Gandhi likes to dwell on his youth, calling on India's millions of "other youngsters" to join the Congress party youth wing to help rebuild India. Working with the youth groups is his immediate focus, he says, rejecting the idea that he is angling to be named prime minister if the Congress does well in the polls.
Sonia Gandhi has stated that she will back the current prime minister to stay in his post, and her son has agreed. "Mr Singh is the best prime minister that this country could have," Rahul said.
Political analysts used to dismiss Rahul as the less talented of Sonia and Rajiv's two children, casting him in the shadow of his younger sister, Priyanka, who despite enormous popularity (down in part to her physical resemblance to Indira Gandhi) has refused to enter politics. However, observers concede that Rahul, after five years as an MP, no longer has the awkward schoolboy demeanour that used to characterise his speeches, and agree that he has developed confidence. His earlier political diffidence, his weekends spent paragliding or dining glamorous women at Delhi's most expensive Italian restaurant (where starters cost more than the average weekly salary), have all been replaced by a zeal to claim his "birthright". Over the past year he has travelled extensively, familiarising himself with the remote rural extremes of the nation.
At a press conference in Delhi yesterday he returned to his theme of the need to spread India's growth to the dispossessed. "I go to the villages where there is nothing, and I see people who are amazing, who put all of us to shame. The real energy of India is in the villages. We need to transfer the growth to that population."
Returning to a theme well-worn by his father, he asked why it was that only 10 paisa of every rupee of government money spent on development actually reached its intended target – the outcome, historically, of entrenched corruption.

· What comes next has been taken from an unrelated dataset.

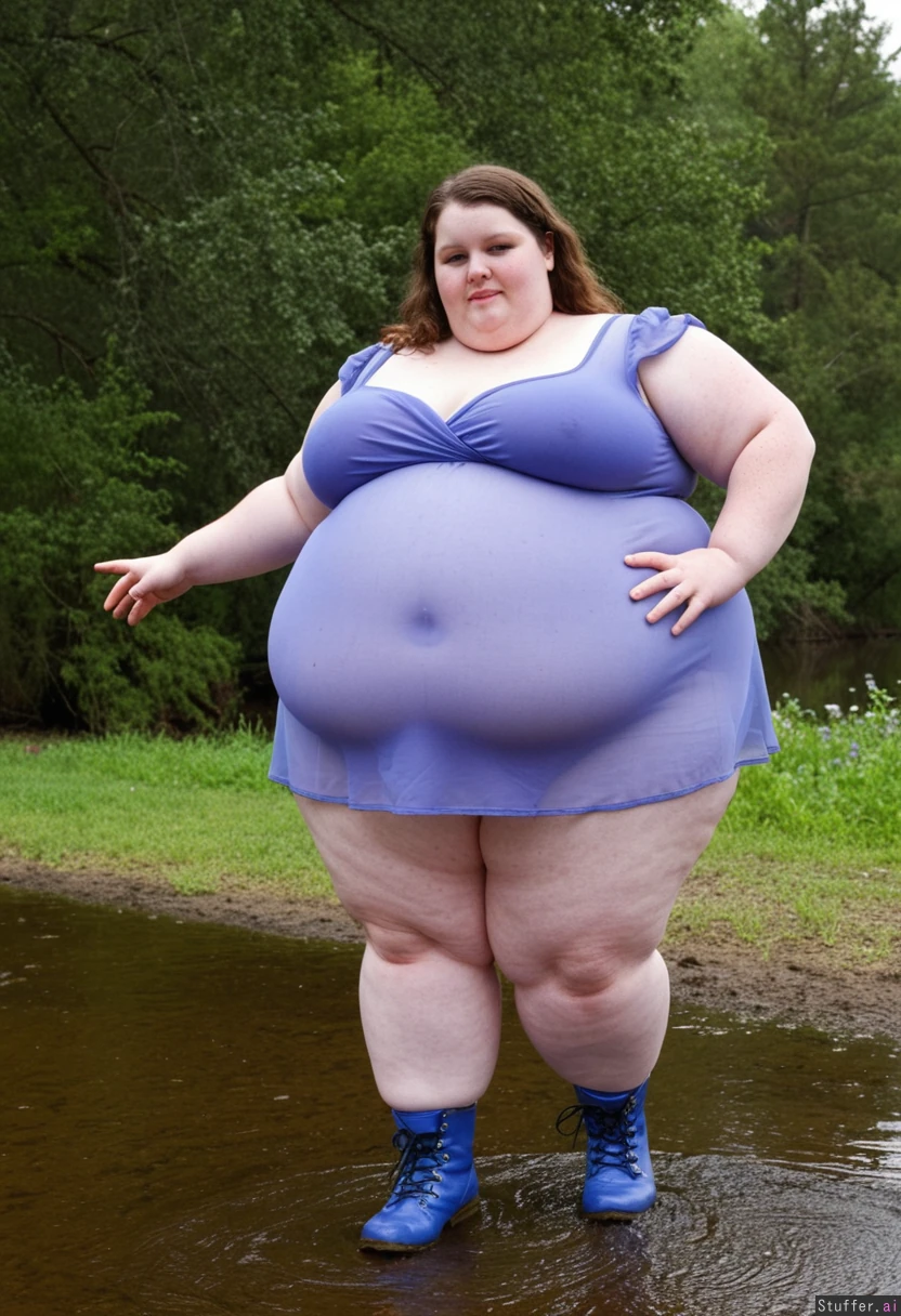 Floodplain forest Pond Periwinkle Hiking boots Sheer dress Dancing Thick thighs Morbidly Obese Gigantic potbelly

But these lines of argument, while successful themes for an opposition party, could backfire for a party already in power. MJ Akbar, a columnist and magazine editor, said: "We have become so entranced by the dynasty that we are really forgetting the larger issues – has poverty been reduced since they've been in power? Has the quality of life improved? Has governance improved? If only 10 paisa are getting through, then who's responsible? They've been in power for the last five years, they should be making sure that 90% gets through to the poor."
Gandhi believes his party cannot be held responsible for such ancient problems. "We run one of the biggest administrative systems in the world, next to China," he said. "To change this is not an event. It is a process, a long-term process."
Critics also say that Gandhi's emphasis on poverty alleviation means he barely mentions India's new economic woes, its failure to contain terrorism, and his government's inability to push through long-promised reforms. They add that Gandhi is remarkably hazy when he comes to outlining precisely how his party will further spread the benefits of growth.
In his speeches Gandhi talks with passion about the power of India's democracy, but that too is dangerous territory, because, as his enemies delight in pointing out, there is something deeply undemocratic, if not positively feudal, about the way he has been helped to rise by his party. Maywati, chief minister in Uttar Pradesh and an arch political foe, calls him a "crown prince who inherited power".
There is a paradox with his career: how is it that a five-generation political dynasty has catapulted its heir to a position of power at the head of the world's largest democracy? "It is undemocratic," Gandhi agreed yesterday. "My position gives me certain advantages."
Somewhat unconvincingly, he said his background had instilled in him a desire to reform a system riddled with nepotism. "The fact that the Indian political system tends to be about who you know and who your brother is, that is just a fact of life. I want to change that. I consider it an honour and my duty to try to change the system of which I am the result. It is ironic, but that is how it is."